Hydrazine was reported once in a limited sample of cigarette tobacco and tobacco smoke over 40 years ago[1] but ever since then it has been assumed as fact that hydrazine must be present in smokeless tobacco products as well, without anyone actually examining those products for its presence.

Hydrazine is found in maleic hydrazine, which is a sucker growth inhibitor on tobacco crops. Suckers are side shoots, which if not removed affect the quality and yield of the tobacco plant. Hydrazine is classified as a possible human carcinogen by the International Agency for Research on Cancer, which can have negative effects on the central nervous system, liver and kidneys and it is on the list of the FDA's "Harmful and Potentially Harmful Constituents" HPHC list, which is why there is a public health interest in the compound and to what degree it occurs in tobacco.

Because anything could be connected to tobacco without question, it has been unchallenged since 1974 but a new study actually decided to find out. Professor Brad Rodu of the University of Louisville and colleagues from British American Tobacco did a comprehensive survey of toxicants in smokeless tobacco products developed a method for determining levels of hydrazine in them.[2]

Their method involves first treating aqueous extracts of STPs with pentafluorobenzaldehyde, which reacts with hydrazine to form decafluorobenzaldehydeazine (DFBA). The DFBA is then quantified by gas chromatography–mass spectrometry to determine hydrazine levels. This method was validated using five different types of smokeless tobacco products.

The researchers used the validated method to analyze hydrazine content in a wide range of commercial smokeless tobacco products from the USA and Sweden.
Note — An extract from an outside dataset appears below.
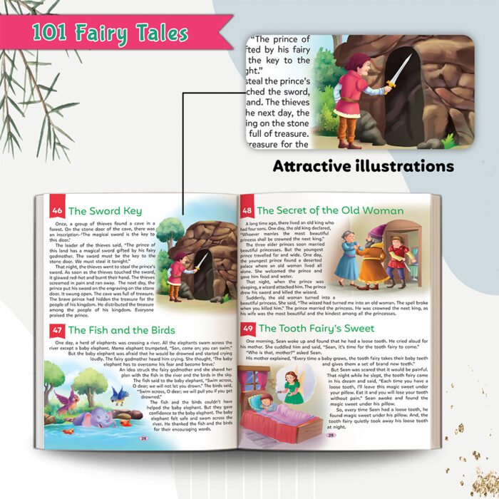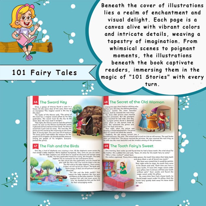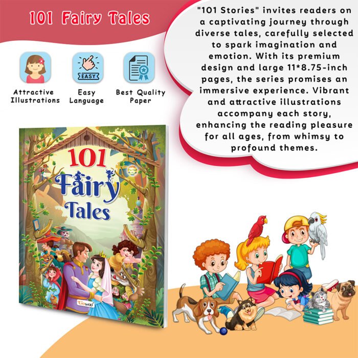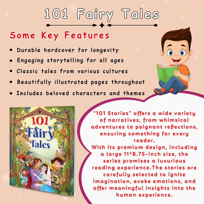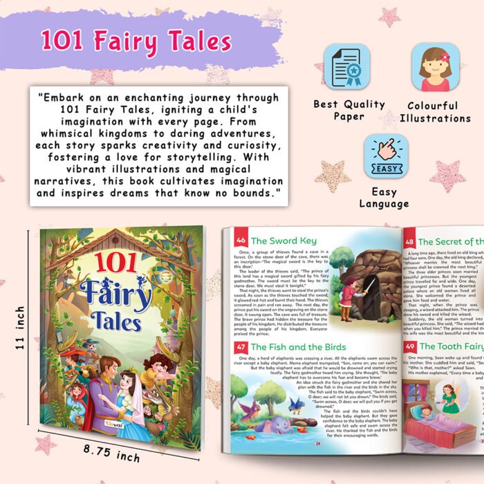 Embark on an enchanting adventure with “101 Fairy Tales” by GOWOO, a captivating collection that transports readers to magical realms filled with wonder and imagination. This beautifully crafted book measures a generous 11×8.5 inches, offering ample space for vibrant illustrations to come to life and ignite the imagination of readers young and old. Within its pages lie timeless tales of princesses, brave heroes, talking animals, and cunning villains, each story brimming with charm and moral depth. From the benevolent guidance of fairy godmothers to the trials faced by courageous protagonists, every story presents an opportunity for readers to learn valuable life lessons and explore the power of kindness, courage, and resilience.Whether it’s a bedtime story shared with loved ones or a quiet moment of solo adventure, this collection promises to captivate and inspire. Rediscover beloved classics and discover new favorites as you immerse yourself in the rich tapestry of folklore and fantasy. With its timeless appeal and captivating storytelling, “101 Fairy Tales” is a must-have addition to any library, promising endless hours of entertainment and enchantment for generations to come.

The product types included in the survey were snus, chewing tobacco, moist snuff, dry snuff, plug and pellet products, representing 90% market share of the major STP categories.

None of the STPs were found to contain hydrazine above the current limits for detection (<10ng/g product) or quantification (26.5ng/g). Close investigation of the analysis results identified the possible presence of trace levels of hydrazine in 34 of 70 samples; while in the other 40 there was no evidence of hydrazine being present. The trace elements were at such low levels they cannot be quantified using currently available analytical techniques.

 "Our results indicate that hydrazine is not a prevalent contaminant of contemporary STPs, and in the minority of cases where hydrazine might possibly be present, the levels are substantially lower — by at least an order of magnitude — than those reported previously," says Kevin McAdam, principal scientist at British American Tobacco.

[1] Liu YY, Schmeltz I, Hoffman D. ‘Chemical studies on tobacco smoke. XXVII Quantitative analysis of hydrazine in tobacco and cigarette smoke’. Analytical Chemistry 1974, 46: 885-889.

[2] McAdam et al., ‘Analysis of hydrazine in smokeless tobacco products by gas chromatography-mass spectometry’. Chemistry Central Journal.